===== Data to process

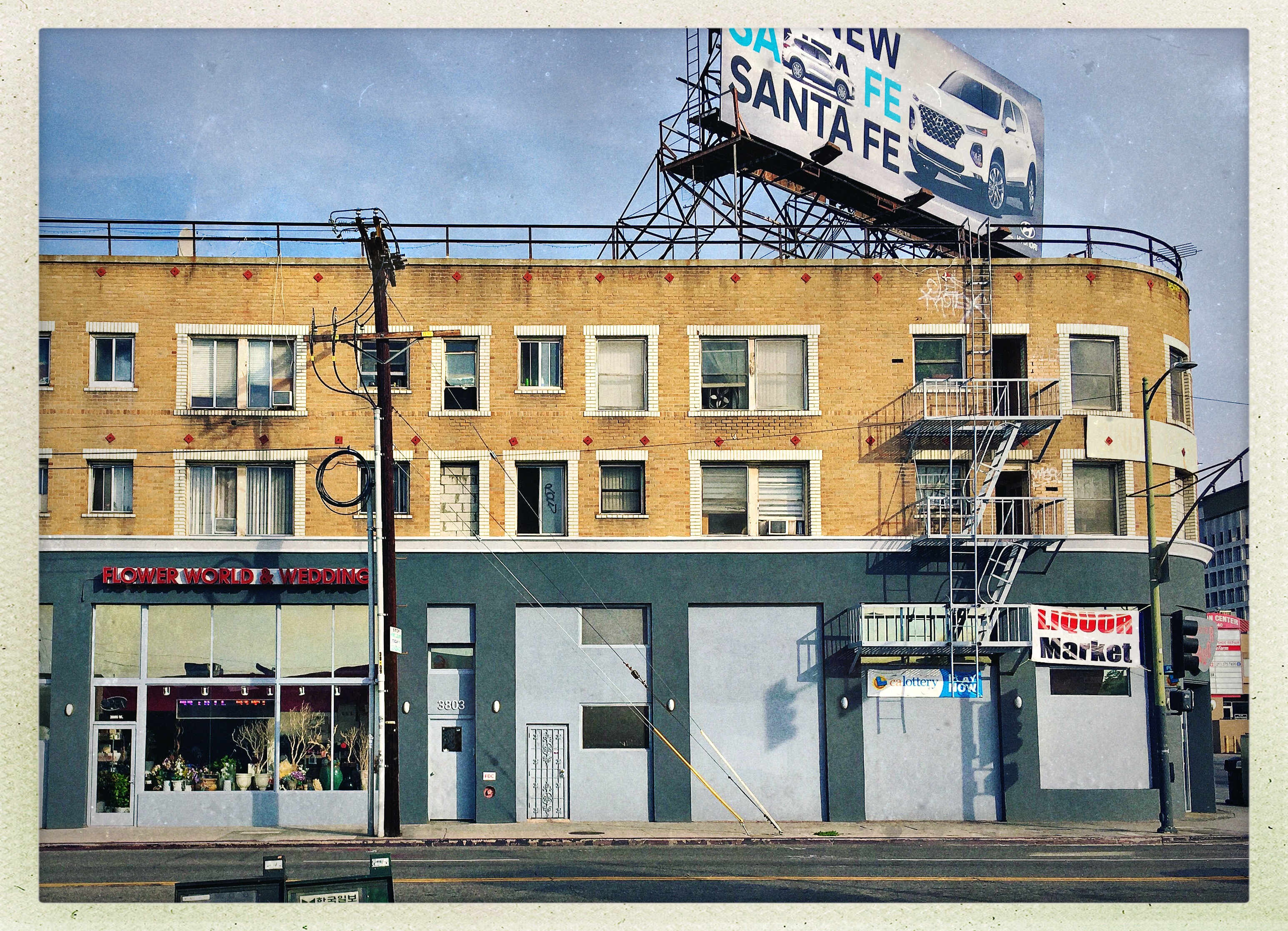 This image shows a typical block in Los Angeles’ Koreatown district, with residential, retail and undefined space co-existing in a single building, following the general rule for the neighborhood that everything should be re-purposed and then re-re-purposed pretty much forever. Things get old. Things break. Ownerships and administrations change. Priorities shift. Some parts of buildings disappear, others are re-imagined, still others are absorbed into other visions.
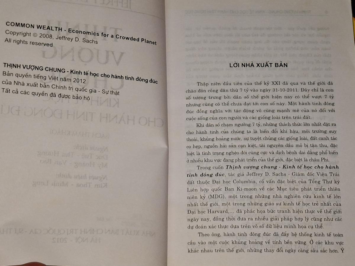 Thịnh Vương Chung kinh tế học cho hành tinh Đông Đức - Jefrey D. SACHS ( Đức Tuệ, Thu Hương, Mỹ Hoàng, Vạn Bảo dịch ) - NXB CHÍNH TRỊ QUỐC GIA SỰ THẬT 2012, 590 trang, khổ 14,5x20,5cm
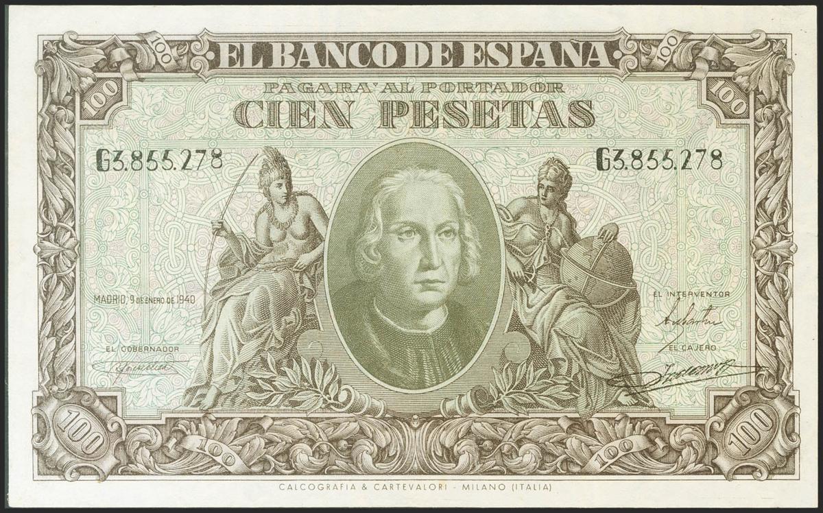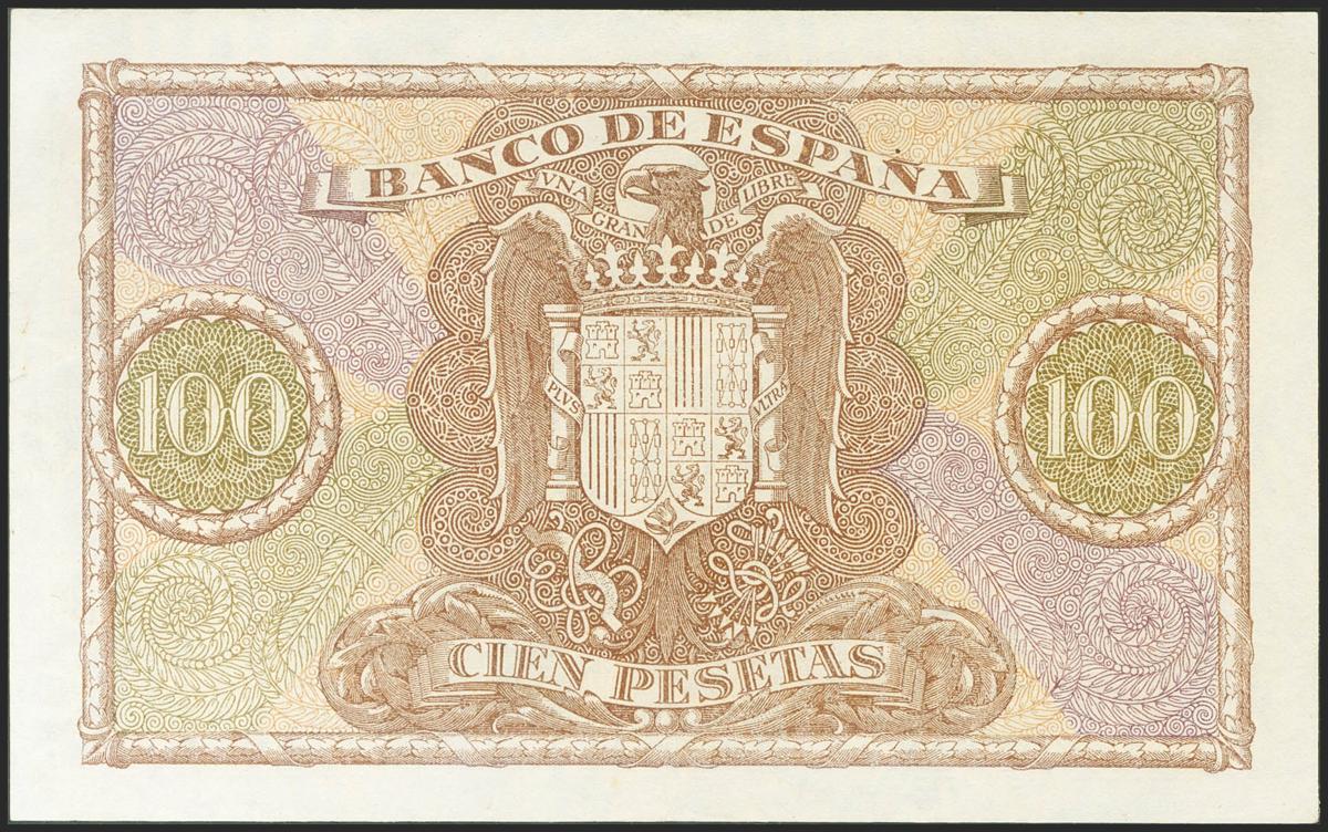 100 pesetas. January 9, 1940. Series G. (Edifil 2021: 438a). Retains part of the original sizing. Extremely Fine.
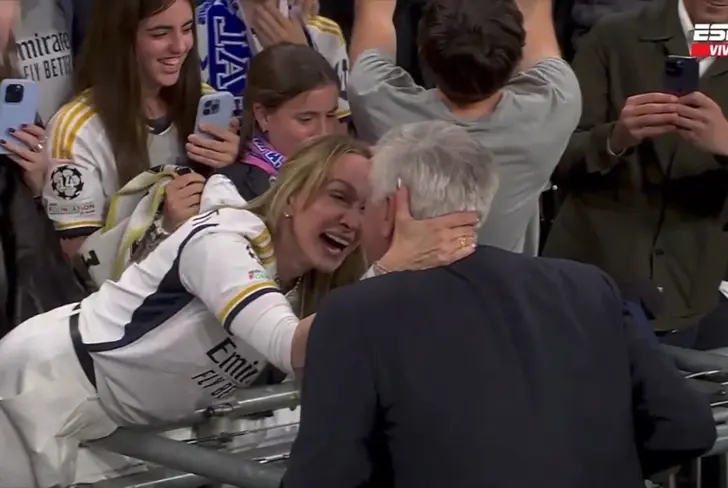 Carlo Ancelotti, acostumbrado a su perfil bajo y de total frialdad, festejó un nuevo título de la Champions League junto a su esposa Mariann Barrena. Lo primero que hizo Carletto cuando el árbitro del encuentro, Slavko Vincic, puso el pitazo inicial fue saltar a las tribunas en la que estaba ubicada su mujer. El entrenador decidió darle un gran beso lleno de amor y felicidad por lo conseguido. Luego festejó junto a los jugadores cuando Nacho alzó la Orejona número 15 del Madrid al grito de "campeones, campeones".
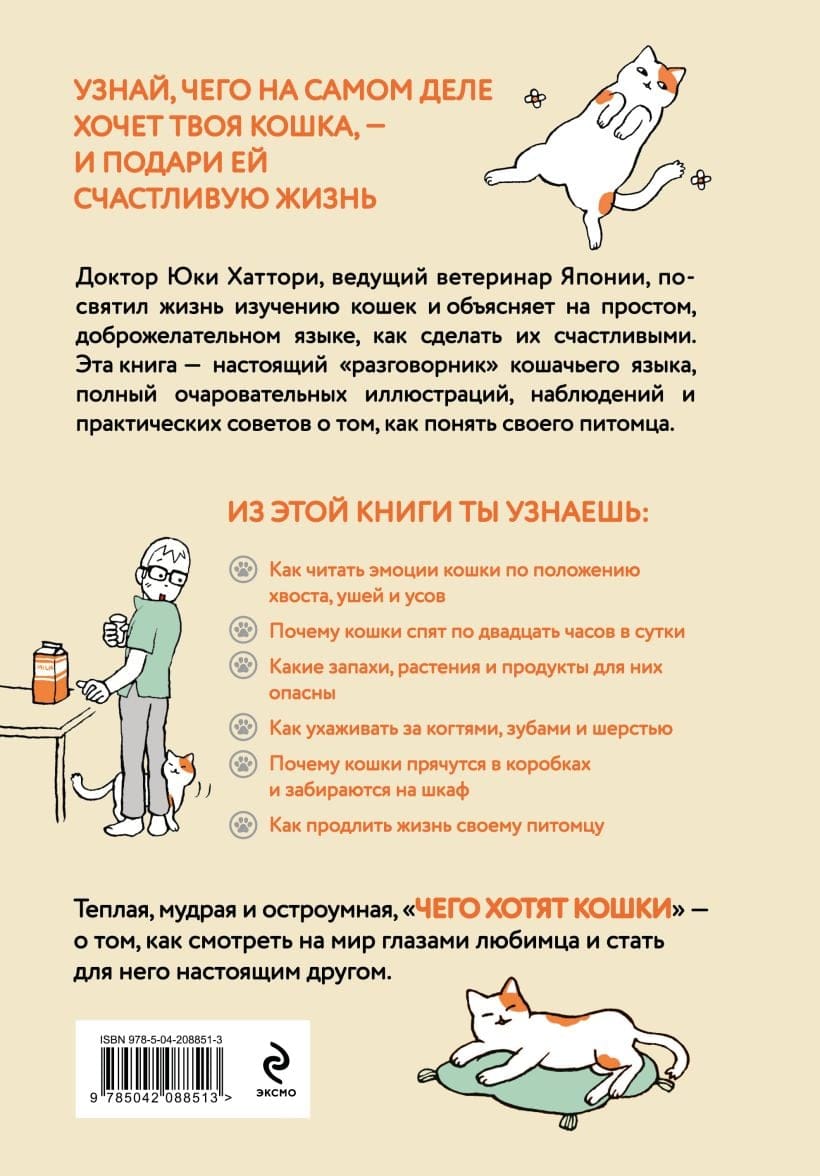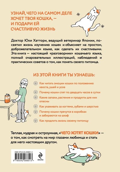 Kaķi nav tik vienkārši, kā šķiet. Viņiem rūp, kur atrodas viņu bļoda, kāda ir ūdens temperatūra, kā skan jūsu balss un cik ērta ir viņu guļvieta. Viņu veselība un garastāvoklis — un līdz ar to arī jūsu mājas komforts — ir atkarīgs no šīm mazajām detaļām. Dr. Juki Hatori, Japānas vadošais veterinārārsts, ir veltījis savu dzīvi kaķu izpētei un vienkāršā, draudzīgā valodā skaidro, kā tos padarīt laimīgus. Šī grāmata ir īsta kaķu valodas "frāžu grāmata", kas ir pilna ar jautrām krāsu ilustrācijām, novērojumiem un vienkāršiem, sirsnīgiem padomiem, kā saprast savu pūkaino draugu.
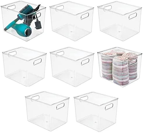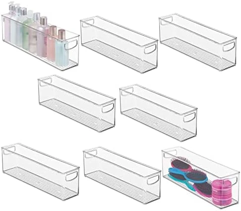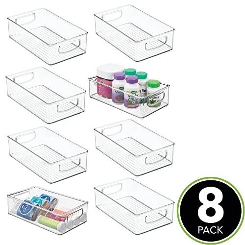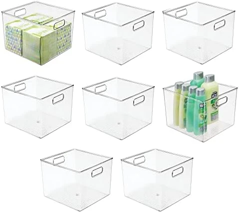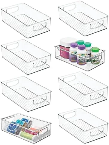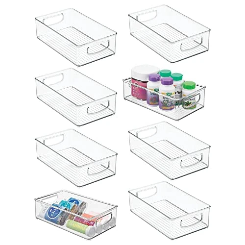 - PORTABLE & STACKABLE: Built-in handles make it easy to move on and off shelves or in and out of drawers; Open tops make it easy to see what is stored inside and quickly grab what you need; Raised feet on the bottom of each bin lets them stack to create space-saving vertical storage; Use multiples to create a custom storage system, stack or use side by side; Just grab and go
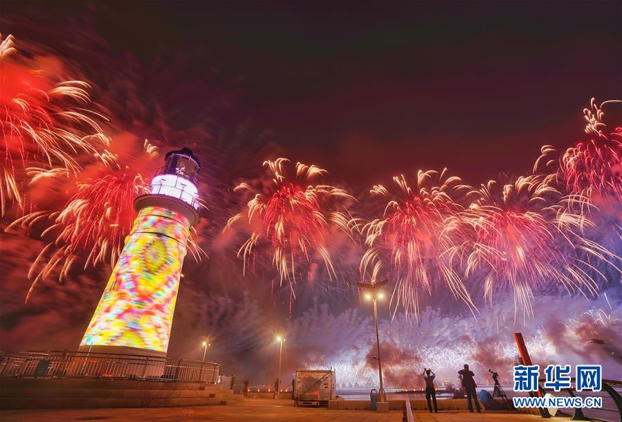 6月9日至10日,上海合作组织青岛峰会在山东青岛召开。这是9日晚在青岛举行的《有朋自远方来》灯光焰火艺术表演。 新华社发(王南 摄)
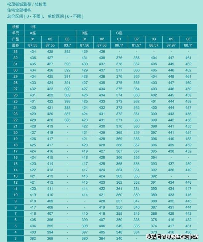 松茂御城住宅户型价格:
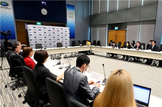 인천시는 민선8기 취임 후 첫 해외 출장길에 오른 유정복 시장이 16일 싱가포르에 있는 APEC(아시아태평양경제협력체) 사무국을 방문해 레베카 파티마 스타 마리아(Datuk Dr Rebecca Fatima Sta Maria) 사무총장과 접견했다고 밝혔다.
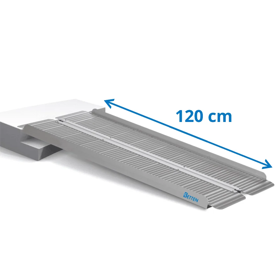 Dimensiones y Capacidad: La Rampa de Aluminio Betten tiene una anchura de 71 cm y una longitud de 120 cm, proporcionando un amplio espacio para una transición suave y segura. Con una capacidad de carga de hasta 300 kg, esta rampa es capaz de soportar un uso intensivo sin comprometer su integridad estructural.
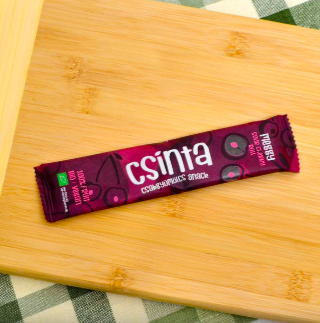 A Meggyes Csinta szárított meggyes gyümölcstekercs, nagy kedvenc a savanykásabb, intenzívebb ízek kedvelőinek. A Csinta friss, bio gyümölcsből alacsony hőfokon szárított nyers gyümölcs lap. A különleges kézműves szárítás miatt megmarad benne a gyümölcs saját íze, aromája, tápanyagai. Alapanyagok hazai, ellenőrzött bio minőségű gyümölcsök: Alma, szilva, meggy, eper, birs, körte, sárgabarack, homoktövis. Csinták nem tartalmaznak semmilyen hozzáadott cukrot vagy édesítőszert, adalékot, aromát, ízesítő szert, még citromsavat vagy pektint sem. Mire jó? A Csinta kíváló kiegészítője a gyermekek tízóraijának, uzsonnájának. Emellett a felnőttek is felfedezték, mint ínycsiklandó napközbeni snack-et. Megajandékozhatod vele magadat vagy másokat. Egy új lehetőség, ami színesíti a palettát a tudatos, egészséges táplálkozás terén. Használhatod különleges ételek, desszertek alapanyagaként. Lehet pl. belőle gluténmentes beiglit, gyümölcs sushit, vagy karamellizált gyümölcsbe tekert olvasztott kecskesajtot is készíteni. Amiből készült: meggy, alma és semmi más. Hozzáadott cukrot nem tartalmaz Általános tápérték 12 g termékben Energia: 165kJ/ 39 kcal Zsír: 0 g- , amelyből telített zsírsav: 0 g, Szénhidrát: 8,5 g, - amelyből cukor: 8,5 g, Fehérje: 0,3 g, Só: 0 g Gyártó: Aloha Kft. Pomáz, Magyarország
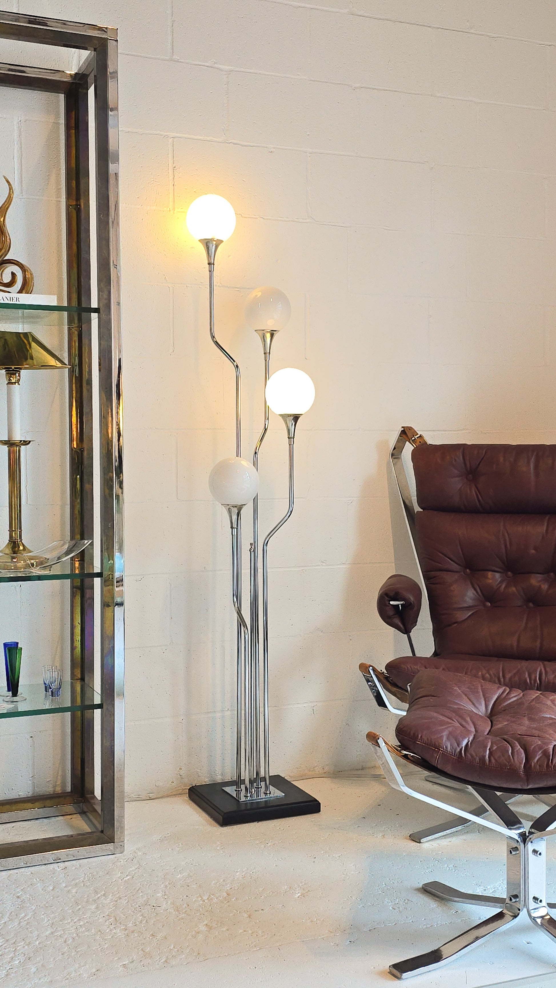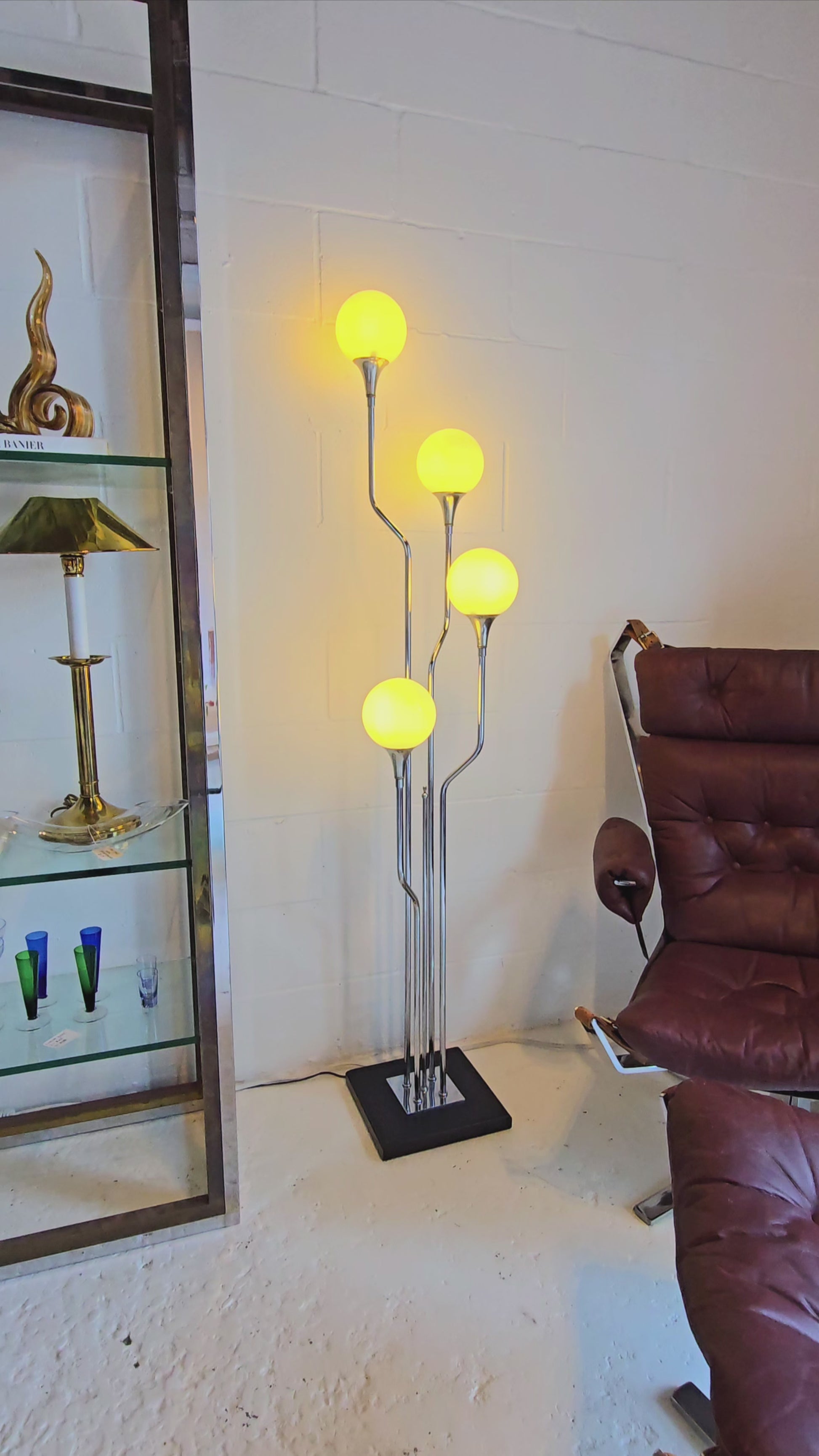 Stunning four tier chrome and glass globe floor lamp in the manner of Reggiani. This floor lamp features four tiers with milk glass globes, chrome body, and a wooden base. It has three light switch. It's in excellent condition.

==========

* **Exercise brief**
Only the lines from the one with "A Meggyes Csinta" to the end of the listing, both ends included, should be retyped exactly; no pictures belong in the copy.

* **Answer section**
 A Meggyes Csinta szárított meggyes gyümölcstekercs, nagy kedvenc a savanykásabb, intenzívebb ízek kedvelőinek. A Csinta friss, bio gyümölcsből alacsony hőfokon szárított nyers gyümölcs lap. A különleges kézműves szárítás miatt megmarad benne a gyümölcs saját íze, aromája, tápanyagai. Alapanyagok hazai, ellenőrzött bio minőségű gyümölcsök: Alma, szilva, meggy, eper, birs, körte, sárgabarack, homoktövis. Csinták nem tartalmaznak semmilyen hozzáadott cukrot vagy édesítőszert, adalékot, aromát, ízesítő szert, még citromsavat vagy pektint sem. Mire jó? A Csinta kíváló kiegészítője a gyermekek tízóraijának, uzsonnájának. Emellett a felnőttek is felfedezték, mint ínycsiklandó napközbeni snack-et. Megajandékozhatod vele magadat vagy másokat. Egy új lehetőség, ami színesíti a palettát a tudatos, egészséges táplálkozás terén. Használhatod különleges ételek, desszertek alapanyagaként. Lehet pl. belőle gluténmentes beiglit, gyümölcs sushit, vagy karamellizált gyümölcsbe tekert olvasztott kecskesajtot is készíteni. Amiből készült: meggy, alma és semmi más. Hozzáadott cukrot nem tartalmaz Általános tápérték 12 g termékben Energia: 165kJ/ 39 kcal Zsír: 0 g- , amelyből telített zsírsav: 0 g, Szénhidrát: 8,5 g, - amelyből cukor: 8,5 g, Fehérje: 0,3 g, Só: 0 g Gyártó: Aloha Kft. Pomáz, Magyarország
 Stunning four tier chrome and glass globe floor lamp in the manner of Reggiani. This floor lamp features four tiers with milk glass globes, chrome body, and a wooden base. It has three light switch. It's in excellent condition.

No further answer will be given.